Consumers are frequently confused or misled by labelling on food products, according to a survey conducted by Swiss environmental and consumer groups.This content was published on November 18, 2003 - 19:11
It found that some products claiming to be of superior quality were often no better than unlabelled alternatives.
The WWF, Swiss Animal Protection and the Swiss Consumers Association said the Swiss were increasingly drawn to organic and fair-trade products. But many well-known quality marks were promising more than they could offer.
The survey evaluated products according to several criteria: respect for the environment, water and climate, as well as respect for animals.
Stars were awarded for how well the products matched up to the promises made on the label.
Organic products came out of the survey with the highest marks.
“Organic labels got the most points because they have the highest requirements concerning environmental standards and animal welfare,” Jennifer Zimmermann of WWF told swissinfo.
Max Havelaar, claro fair trade and the Bourgeon label of the Association of Swiss Organic Farmers, Bio Suisse, were among the winners.
But the survey pointed out some confusion surrounding the Naturaplan label of Switzerland’s second supermarket, Coop. Naturaplan products are not necessarily organic.
Swiss consumers are prepared to fork out more for products bearing stamps of quality, the survey found.
“If you look at the numbers of Coop and Migros, you see that the market percentage of labelled goods is rising,” said Zimmermann.
“That shows that consumers want to buy them because they expect goods with a distinctive label to be better than conventional products.”
Although this might be a wrong assumption, the use of quality marks did create competition which was “useful to improve product standards”, said Zimmermann.

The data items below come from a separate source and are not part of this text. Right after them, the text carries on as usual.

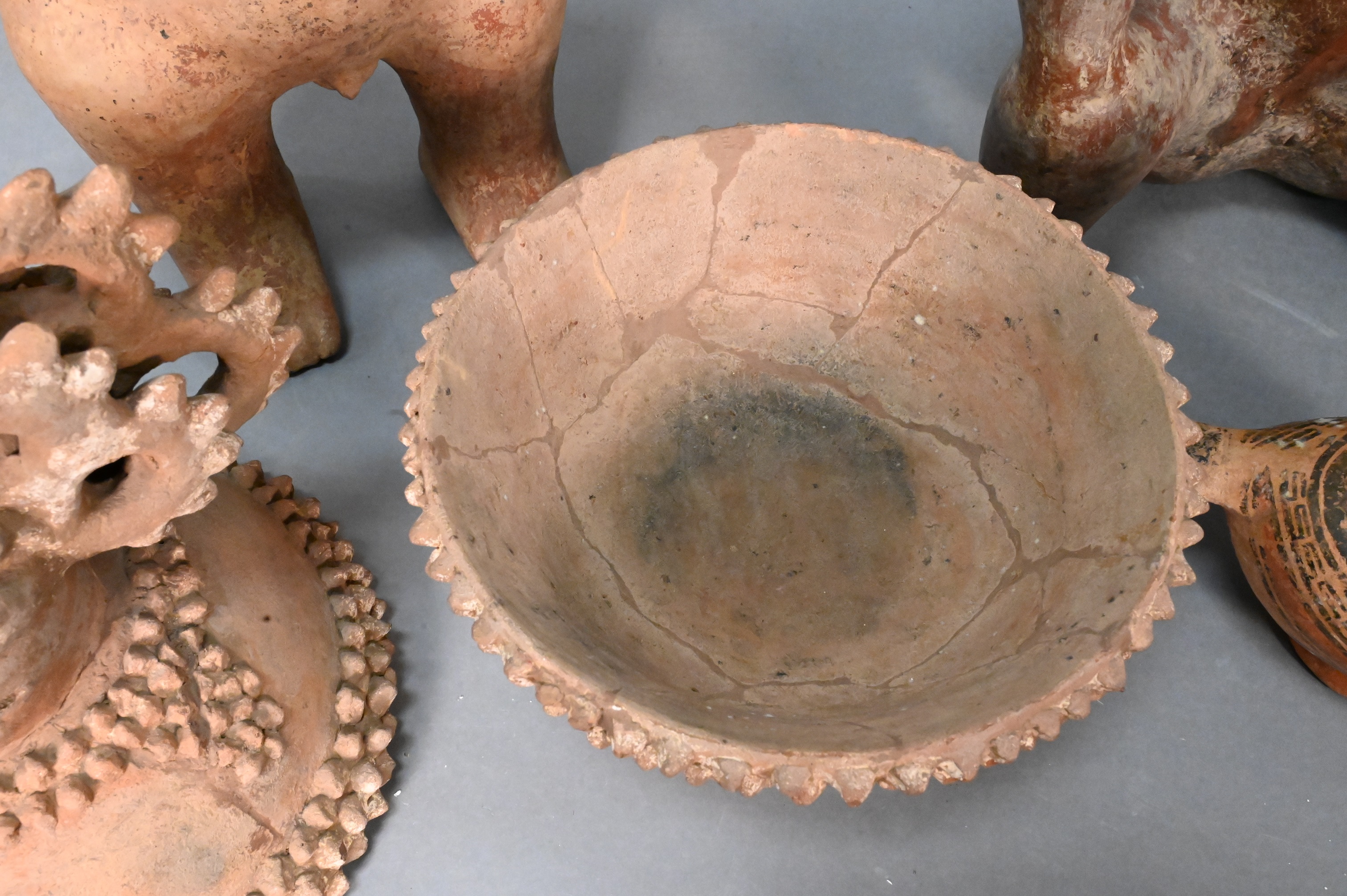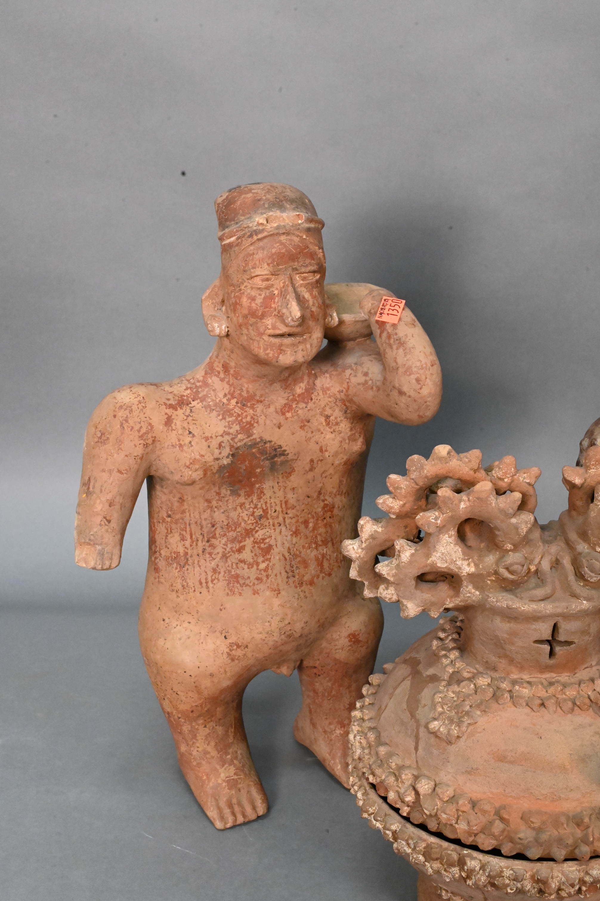 Four South American Pottery Pieces, to include two large figures, small bird vase, along with a large covered compote possibly 18th/19th century, (as is), tallest 20 inches. Provenance: Property from a private New York collection sold to benefit charitable foundations.
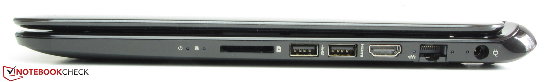 Alle drei Vergleichsgeräte sind mit den heutzutage üblichen Anschlüssen ausgestattet. Jeder der drei Rechner kann mindestens zwei USB 3.0-Steckplätze vorweisen. Allerdings verfügt keines der Ultrabooks über einen VGA-Ausgang. Wer noch einen alten Beamer oder einen alten externen Monitor ohne DVI-/HDMI-Eingang nutzt, könnte sich mit einem HDMI-auf-VGA-Adapter (ab etwa 20 Euro) behelfen. In zwei Punkten fällt das Sleekbook gegenüber den Konkurrenten zurück. So hat HP dem Sleekbook kein optisches Laufwerk spendiert. Darüber hinaus bietet das HP-Ultrabook nur einen Fast-Ethernet-Steckplatz. Die Konkurrenz kann mit Gigabit-Ethernet aufwarten. HP hat die meisten Steckplätze günstig im hinteren Bereich der rechten Seite positioniert. Somit bleibt der Bereich neben der Handballenablage frei von Kabeln.
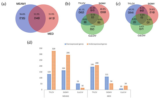 Differentially expressed genes (DEGs) in Bemisia tabaci Middle East-Asia Minor 1 (MEAM1) and Mediterranean (MED) adults provided with an acquisition access period of 72 h on TYLCV-infected versus non-infected tomato plants, SiGMV-infected versus non-infected prickly sida plants, or CuLCrV-infected versus non-infected squash plants: (a) Normalized Venn diagram showing unique and common DEGs in B. tabaci MEAM1 and MED adults after the acquisition of TYLCV, SiGMV, or CuLCrV; (b) Normalized Venn diagram showing unique and common DEGs in B. tabaci MEAM1 adults after the acquisition of TYLCV, SiGMV, or CuLCrV; (c) Normalized Venn diagram showing unique and common DEGs in B. tabaci MED adults after the acquisition of TYLCV, SiGMV, or CuLCrV; (d) Number of DEGs in B. tabaci MEAM1 and MED detected between viruliferous (TYLCV, SiGMV, or CuLCrV ) and non-viruliferous insects.

One way to bring order to the variety of quality marks would simply be to cut down on the number allowed on the shelves, commented Jacqueline Bachmann of the Swiss Consumers Association.
“We would like to make sure that there is a guarantee that the product is tested from the stable to the table and that the right information is given to consumers so that they are not disappointed,” she told swissinfo.
Europe more or less united
Among Switzerland's neighbours too, there exists multiple product labels tailored to each market.
In Germany for example, there are nine groups producing labelled goods.
A decade ago, the European Union introduced minimum criteria for organic and ecologically-sound products. The regulation led to the creation of a common quality label.
The Swiss are not allowed to sell their products under this label, making it difficult - and costly - for producers to enter the European market.
For the time being, the Swiss domestic market is big enough to host the competing organic and superior labels.
Ultimately, the key test of a product’s pedigree is not what the label says, but the origin of the product and how it was produced.
“Labels can transfer a lot of information, but the small print detailing where a product comes from or how it was produced still gives better information than labels,” explained Bachmann.
“The law stipulates how you provide such details, while a label is still a mix of communication and marketing from the producers.”
swissinfo, Samantha Tonkin and Isobel Leybold
Three stars went to:
Max Havelaar, claro fair trade, Bourgeon, Bio Engagement Migros, Demeter, Bio Natur Plus.
Two stars went to:
Agri Natura while Coop Naturaplan received two stars for its respect for animals.
One star went to:
Migros-Garantie, Bell Natura, Swiss Prim Gourmet, IP.PI and Dophin Safe.